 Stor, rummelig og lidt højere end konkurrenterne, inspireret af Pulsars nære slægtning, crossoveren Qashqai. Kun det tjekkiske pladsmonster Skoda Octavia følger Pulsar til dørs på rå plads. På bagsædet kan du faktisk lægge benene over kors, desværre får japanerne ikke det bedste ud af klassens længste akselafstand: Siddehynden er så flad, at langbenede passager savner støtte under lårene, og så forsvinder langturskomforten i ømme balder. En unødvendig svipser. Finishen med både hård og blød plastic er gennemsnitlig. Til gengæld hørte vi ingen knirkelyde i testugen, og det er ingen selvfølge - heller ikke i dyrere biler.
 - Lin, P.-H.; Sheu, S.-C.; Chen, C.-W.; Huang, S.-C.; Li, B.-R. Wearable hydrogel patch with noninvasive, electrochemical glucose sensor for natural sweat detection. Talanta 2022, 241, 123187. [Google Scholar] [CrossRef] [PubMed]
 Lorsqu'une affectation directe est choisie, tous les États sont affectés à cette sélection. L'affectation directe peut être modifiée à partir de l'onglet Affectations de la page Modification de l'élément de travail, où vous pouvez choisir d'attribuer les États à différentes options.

::::::

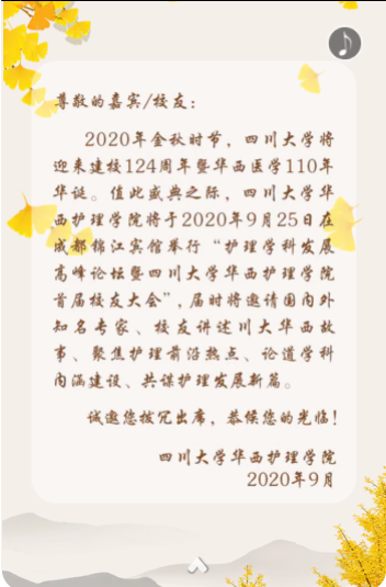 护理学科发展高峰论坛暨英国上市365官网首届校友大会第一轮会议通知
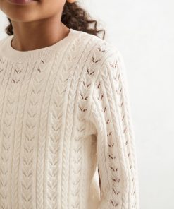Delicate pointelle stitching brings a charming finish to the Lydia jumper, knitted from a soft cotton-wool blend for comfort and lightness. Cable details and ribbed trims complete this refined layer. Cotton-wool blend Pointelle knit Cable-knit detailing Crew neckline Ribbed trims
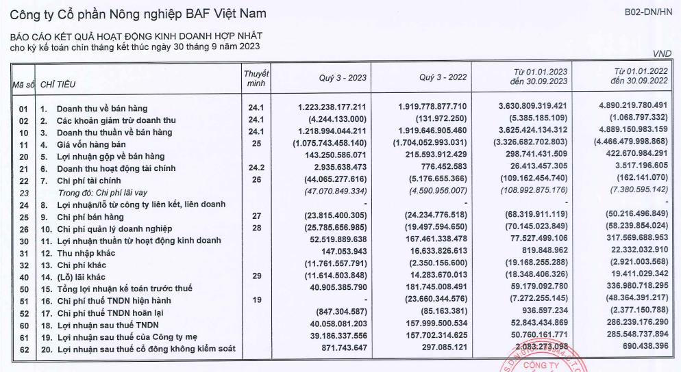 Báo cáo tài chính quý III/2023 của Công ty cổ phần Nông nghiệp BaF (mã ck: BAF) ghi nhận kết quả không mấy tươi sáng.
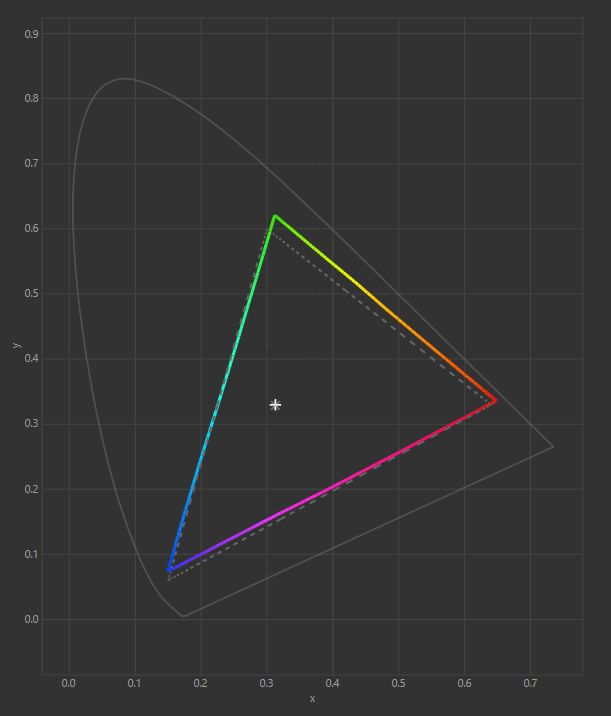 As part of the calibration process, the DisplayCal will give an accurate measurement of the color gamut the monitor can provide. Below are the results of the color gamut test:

::::::

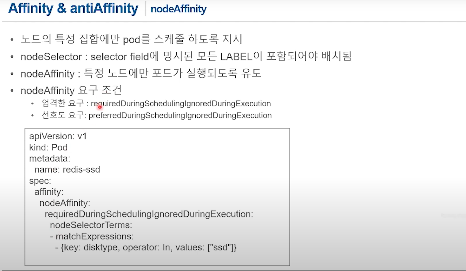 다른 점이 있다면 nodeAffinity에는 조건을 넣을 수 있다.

::::::

Copy out only the lines of the records above from the one with "Stor, rummelig og" through the one with "Lorsqu'une affectation directe", exactly as they stand, both included.

> _Reply to the exercise_:
 Stor, rummelig og lidt højere end konkurrenterne, inspireret af Pulsars nære slægtning, crossoveren Qashqai. Kun det tjekkiske pladsmonster Skoda Octavia følger Pulsar til dørs på rå plads. På bagsædet kan du faktisk lægge benene over kors, desværre får japanerne ikke det bedste ud af klassens længste akselafstand: Siddehynden er så flad, at langbenede passager savner støtte under lårene, og så forsvinder langturskomforten i ømme balder. En unødvendig svipser. Finishen med både hård og blød plastic er gennemsnitlig. Til gengæld hørte vi ingen knirkelyde i testugen, og det er ingen selvfølge - heller ikke i dyrere biler.
 - Lin, P.-H.; Sheu, S.-C.; Chen, C.-W.; Huang, S.-C.; Li, B.-R. Wearable hydrogel patch with noninvasive, electrochemical glucose sensor for natural sweat detection. Talanta 2022, 241, 123187. [Google Scholar] [CrossRef] [PubMed]
 Lorsqu'une affectation directe est choisie, tous les États sont affectés à cette sélection. L'affectation directe peut être modifiée à partir de l'onglet Affectations de la page Modification de l'élément de travail, où vous pouvez choisir d'attribuer les États à différentes options.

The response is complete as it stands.